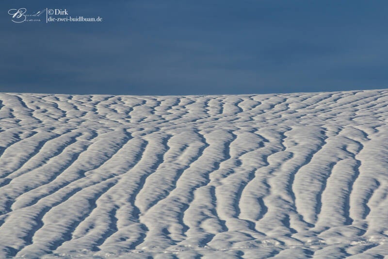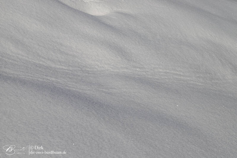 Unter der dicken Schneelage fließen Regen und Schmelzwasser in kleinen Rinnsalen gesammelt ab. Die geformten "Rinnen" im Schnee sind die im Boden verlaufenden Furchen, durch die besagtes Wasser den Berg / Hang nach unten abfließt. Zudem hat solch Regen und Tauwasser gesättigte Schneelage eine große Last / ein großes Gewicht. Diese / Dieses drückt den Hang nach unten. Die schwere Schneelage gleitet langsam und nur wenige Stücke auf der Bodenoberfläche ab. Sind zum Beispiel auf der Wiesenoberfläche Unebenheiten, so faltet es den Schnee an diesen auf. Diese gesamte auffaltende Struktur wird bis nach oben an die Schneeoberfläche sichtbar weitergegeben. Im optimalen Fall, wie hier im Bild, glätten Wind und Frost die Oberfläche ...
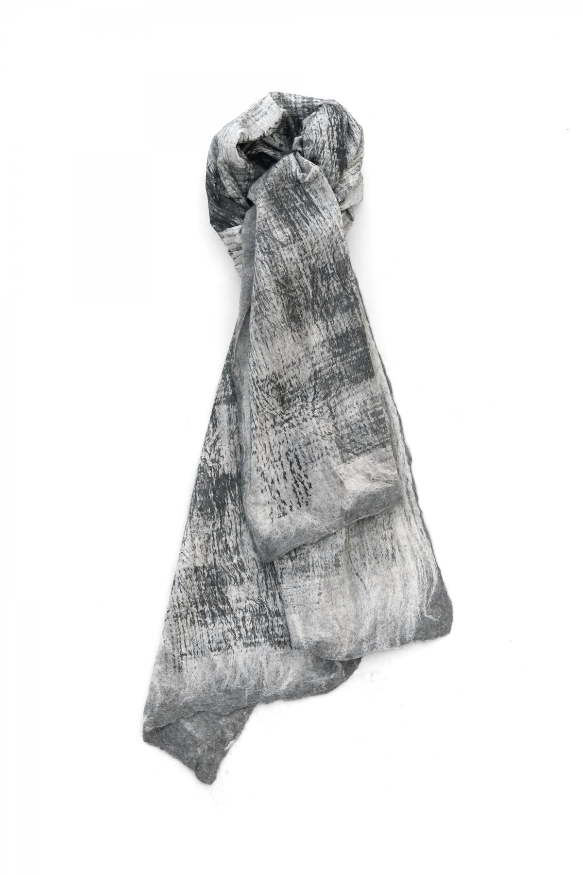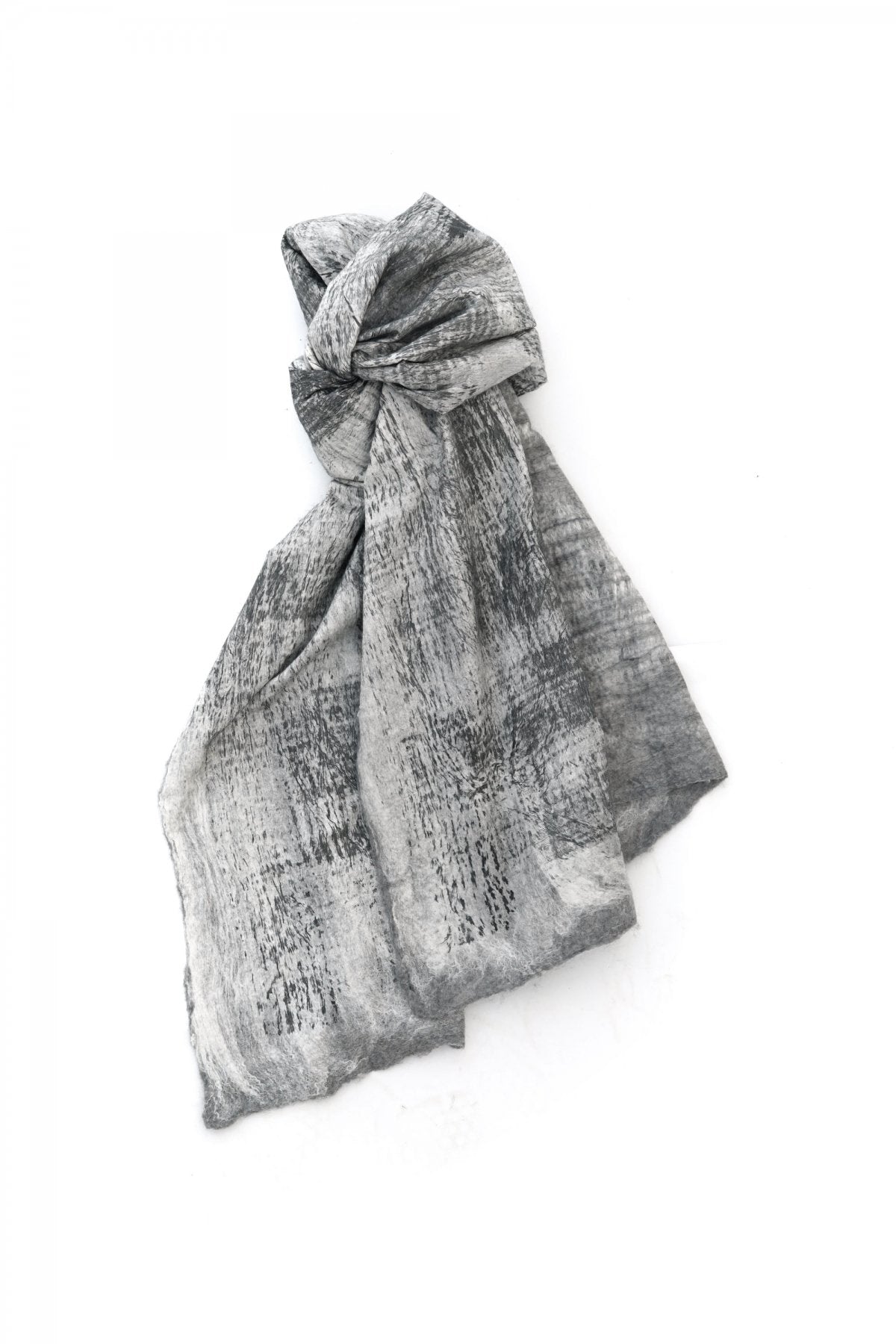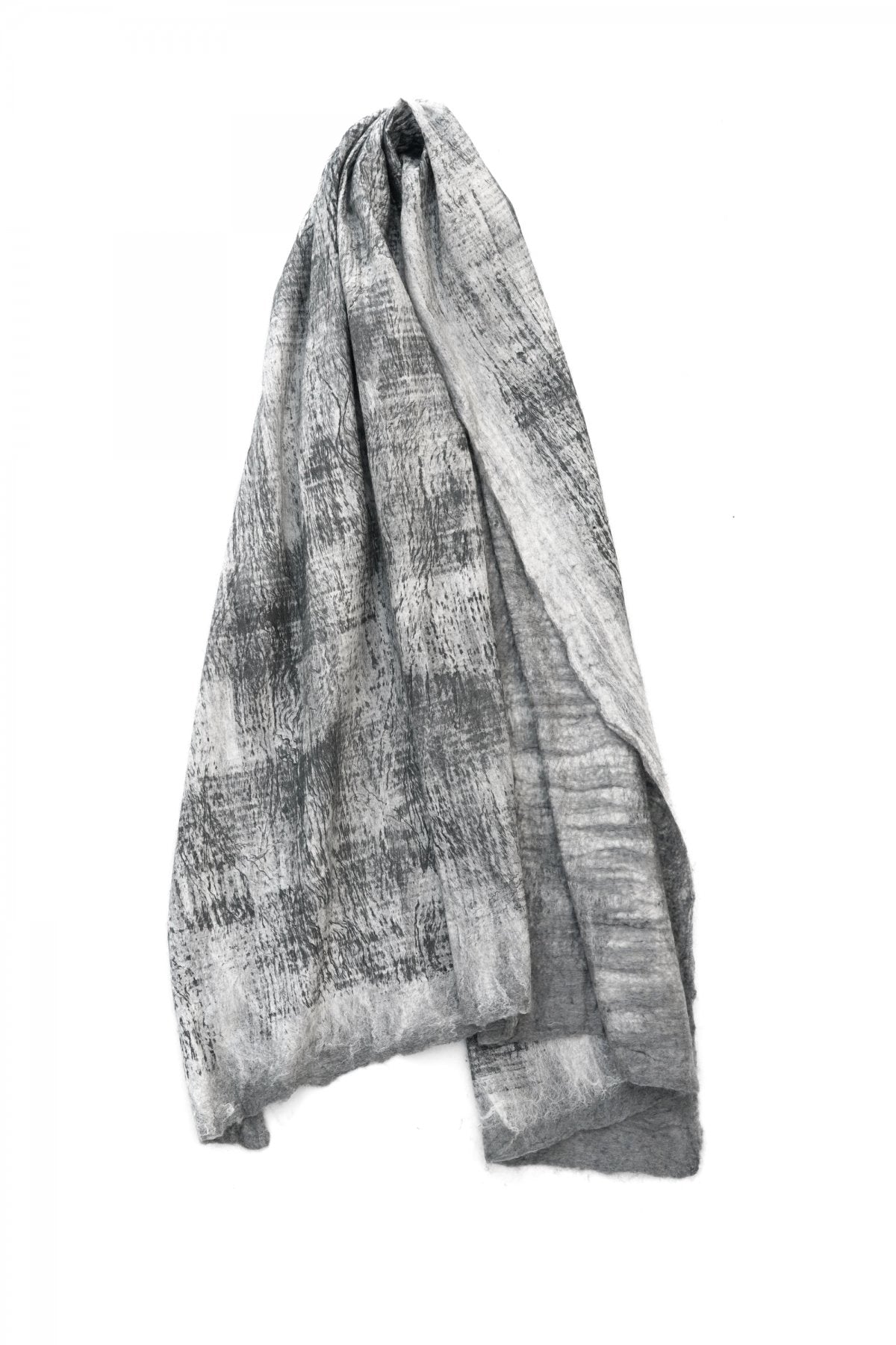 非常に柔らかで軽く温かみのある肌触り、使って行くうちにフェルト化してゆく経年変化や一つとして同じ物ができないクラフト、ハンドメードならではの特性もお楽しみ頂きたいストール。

•••

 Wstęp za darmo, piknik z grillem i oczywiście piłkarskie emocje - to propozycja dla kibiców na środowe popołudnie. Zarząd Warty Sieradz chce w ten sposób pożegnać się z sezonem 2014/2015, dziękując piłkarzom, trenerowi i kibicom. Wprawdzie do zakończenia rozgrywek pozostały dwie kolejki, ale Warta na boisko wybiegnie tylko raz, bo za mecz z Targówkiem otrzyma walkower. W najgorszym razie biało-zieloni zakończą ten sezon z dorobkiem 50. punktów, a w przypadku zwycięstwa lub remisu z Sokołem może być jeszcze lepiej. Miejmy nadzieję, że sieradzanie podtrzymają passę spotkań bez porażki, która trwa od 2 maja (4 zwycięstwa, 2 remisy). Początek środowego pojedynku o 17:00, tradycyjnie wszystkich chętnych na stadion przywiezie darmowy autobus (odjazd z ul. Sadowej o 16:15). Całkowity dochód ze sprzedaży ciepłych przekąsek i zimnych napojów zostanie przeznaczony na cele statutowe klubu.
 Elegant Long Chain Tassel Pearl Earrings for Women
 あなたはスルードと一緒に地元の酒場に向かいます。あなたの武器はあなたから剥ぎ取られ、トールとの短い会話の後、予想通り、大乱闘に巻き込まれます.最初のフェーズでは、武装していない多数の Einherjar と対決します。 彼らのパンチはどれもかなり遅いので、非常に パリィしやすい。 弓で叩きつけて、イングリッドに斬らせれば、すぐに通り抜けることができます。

•••

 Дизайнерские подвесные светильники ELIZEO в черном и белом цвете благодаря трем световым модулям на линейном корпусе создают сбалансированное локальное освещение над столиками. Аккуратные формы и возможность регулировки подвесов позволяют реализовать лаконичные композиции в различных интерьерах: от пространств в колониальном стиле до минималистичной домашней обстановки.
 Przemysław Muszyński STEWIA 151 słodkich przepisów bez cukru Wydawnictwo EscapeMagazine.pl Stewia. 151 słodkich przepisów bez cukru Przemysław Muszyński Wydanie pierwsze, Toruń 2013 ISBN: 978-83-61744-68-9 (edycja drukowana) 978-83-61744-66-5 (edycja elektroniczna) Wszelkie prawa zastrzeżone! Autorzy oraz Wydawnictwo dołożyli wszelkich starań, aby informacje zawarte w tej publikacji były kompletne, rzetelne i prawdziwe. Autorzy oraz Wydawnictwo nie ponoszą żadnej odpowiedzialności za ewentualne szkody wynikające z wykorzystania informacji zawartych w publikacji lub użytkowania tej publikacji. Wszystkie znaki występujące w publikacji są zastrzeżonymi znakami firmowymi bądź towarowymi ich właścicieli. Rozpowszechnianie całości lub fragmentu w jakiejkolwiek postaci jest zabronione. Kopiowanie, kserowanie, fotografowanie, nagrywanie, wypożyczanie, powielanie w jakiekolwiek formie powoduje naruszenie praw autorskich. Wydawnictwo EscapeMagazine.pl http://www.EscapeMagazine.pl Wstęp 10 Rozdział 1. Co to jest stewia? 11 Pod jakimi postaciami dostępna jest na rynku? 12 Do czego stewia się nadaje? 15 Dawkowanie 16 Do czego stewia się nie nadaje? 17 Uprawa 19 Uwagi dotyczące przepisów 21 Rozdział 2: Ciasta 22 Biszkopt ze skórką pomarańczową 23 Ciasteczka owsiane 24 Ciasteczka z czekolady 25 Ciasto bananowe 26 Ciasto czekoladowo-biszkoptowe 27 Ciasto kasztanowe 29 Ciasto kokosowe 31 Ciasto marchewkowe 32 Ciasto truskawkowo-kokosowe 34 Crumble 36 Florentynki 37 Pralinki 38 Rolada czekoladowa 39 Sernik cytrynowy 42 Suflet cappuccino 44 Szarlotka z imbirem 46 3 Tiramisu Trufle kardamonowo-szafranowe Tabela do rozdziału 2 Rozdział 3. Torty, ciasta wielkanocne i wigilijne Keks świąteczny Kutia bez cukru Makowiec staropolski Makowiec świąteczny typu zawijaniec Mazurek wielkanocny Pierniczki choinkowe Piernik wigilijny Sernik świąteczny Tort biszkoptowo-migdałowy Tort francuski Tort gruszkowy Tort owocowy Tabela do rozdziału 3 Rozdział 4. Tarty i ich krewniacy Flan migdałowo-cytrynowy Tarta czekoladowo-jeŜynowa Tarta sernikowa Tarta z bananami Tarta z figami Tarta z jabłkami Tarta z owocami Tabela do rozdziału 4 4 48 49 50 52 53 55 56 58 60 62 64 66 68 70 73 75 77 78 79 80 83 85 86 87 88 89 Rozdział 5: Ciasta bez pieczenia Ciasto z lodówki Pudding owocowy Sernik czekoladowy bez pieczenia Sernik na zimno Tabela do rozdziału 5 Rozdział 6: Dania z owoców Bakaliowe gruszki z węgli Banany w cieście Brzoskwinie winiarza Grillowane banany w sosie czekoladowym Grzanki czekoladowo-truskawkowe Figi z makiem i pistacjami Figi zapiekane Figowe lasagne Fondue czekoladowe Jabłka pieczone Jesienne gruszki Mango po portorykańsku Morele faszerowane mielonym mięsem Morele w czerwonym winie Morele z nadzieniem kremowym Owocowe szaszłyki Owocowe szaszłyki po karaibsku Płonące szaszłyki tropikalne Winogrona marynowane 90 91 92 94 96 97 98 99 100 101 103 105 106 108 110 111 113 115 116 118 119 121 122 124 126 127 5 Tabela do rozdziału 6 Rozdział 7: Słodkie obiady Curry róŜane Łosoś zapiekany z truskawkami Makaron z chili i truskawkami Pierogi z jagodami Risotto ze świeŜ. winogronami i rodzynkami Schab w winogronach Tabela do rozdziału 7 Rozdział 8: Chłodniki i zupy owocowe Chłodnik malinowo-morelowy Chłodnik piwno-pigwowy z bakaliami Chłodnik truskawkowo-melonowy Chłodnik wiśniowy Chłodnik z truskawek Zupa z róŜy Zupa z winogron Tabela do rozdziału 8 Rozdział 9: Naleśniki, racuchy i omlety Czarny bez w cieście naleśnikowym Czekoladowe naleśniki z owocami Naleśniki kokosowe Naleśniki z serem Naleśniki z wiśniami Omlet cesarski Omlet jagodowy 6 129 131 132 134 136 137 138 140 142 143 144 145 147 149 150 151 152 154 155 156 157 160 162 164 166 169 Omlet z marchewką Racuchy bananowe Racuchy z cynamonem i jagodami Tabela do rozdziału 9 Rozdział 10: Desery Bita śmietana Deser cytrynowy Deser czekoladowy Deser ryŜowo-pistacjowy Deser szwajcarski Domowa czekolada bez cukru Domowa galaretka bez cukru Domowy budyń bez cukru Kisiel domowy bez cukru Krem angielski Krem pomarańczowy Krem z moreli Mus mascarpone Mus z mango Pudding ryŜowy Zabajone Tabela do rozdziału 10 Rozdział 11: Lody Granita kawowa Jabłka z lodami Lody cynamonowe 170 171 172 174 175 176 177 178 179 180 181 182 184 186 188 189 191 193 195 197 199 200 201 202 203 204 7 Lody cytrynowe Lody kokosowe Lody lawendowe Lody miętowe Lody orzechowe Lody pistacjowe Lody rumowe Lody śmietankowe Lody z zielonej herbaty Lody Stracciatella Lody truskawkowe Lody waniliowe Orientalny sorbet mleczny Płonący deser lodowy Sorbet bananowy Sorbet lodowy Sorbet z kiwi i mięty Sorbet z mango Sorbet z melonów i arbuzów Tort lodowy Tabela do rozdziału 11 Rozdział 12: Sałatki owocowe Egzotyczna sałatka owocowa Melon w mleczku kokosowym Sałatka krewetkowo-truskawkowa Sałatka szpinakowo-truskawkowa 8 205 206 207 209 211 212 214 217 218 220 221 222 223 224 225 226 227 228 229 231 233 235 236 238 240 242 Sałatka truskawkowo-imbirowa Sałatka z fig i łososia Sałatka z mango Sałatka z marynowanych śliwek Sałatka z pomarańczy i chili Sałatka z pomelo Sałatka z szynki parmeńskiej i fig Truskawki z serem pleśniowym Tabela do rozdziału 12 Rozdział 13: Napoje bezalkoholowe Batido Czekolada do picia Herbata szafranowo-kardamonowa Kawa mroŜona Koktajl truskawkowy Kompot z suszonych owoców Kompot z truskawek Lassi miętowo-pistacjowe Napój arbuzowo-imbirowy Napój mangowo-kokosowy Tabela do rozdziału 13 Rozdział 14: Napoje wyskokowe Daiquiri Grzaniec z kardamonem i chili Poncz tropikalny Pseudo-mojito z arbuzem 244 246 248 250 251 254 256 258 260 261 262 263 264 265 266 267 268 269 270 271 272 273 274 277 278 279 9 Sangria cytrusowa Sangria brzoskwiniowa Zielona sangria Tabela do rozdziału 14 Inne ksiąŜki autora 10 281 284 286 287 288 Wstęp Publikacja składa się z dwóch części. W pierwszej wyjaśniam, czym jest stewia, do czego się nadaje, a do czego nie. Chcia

•••

Problem to work on:
In the data above, the stretch from the line with "Unter der dicken" through the line with "非常に柔らかで軽く温かみのあ" is to be returned exactly, minus any pictures.

Problem solution:
 Unter der dicken Schneelage fließen Regen und Schmelzwasser in kleinen Rinnsalen gesammelt ab. Die geformten "Rinnen" im Schnee sind die im Boden verlaufenden Furchen, durch die besagtes Wasser den Berg / Hang nach unten abfließt. Zudem hat solch Regen und Tauwasser gesättigte Schneelage eine große Last / ein großes Gewicht. Diese / Dieses drückt den Hang nach unten. Die schwere Schneelage gleitet langsam und nur wenige Stücke auf der Bodenoberfläche ab. Sind zum Beispiel auf der Wiesenoberfläche Unebenheiten, so faltet es den Schnee an diesen auf. Diese gesamte auffaltende Struktur wird bis nach oben an die Schneeoberfläche sichtbar weitergegeben. Im optimalen Fall, wie hier im Bild, glätten Wind und Frost die Oberfläche ...
 非常に柔らかで軽く温かみのある肌触り、使って行くうちにフェルト化してゆく経年変化や一つとして同じ物ができないクラフト、ハンドメードならではの特性もお楽しみ頂きたいストール。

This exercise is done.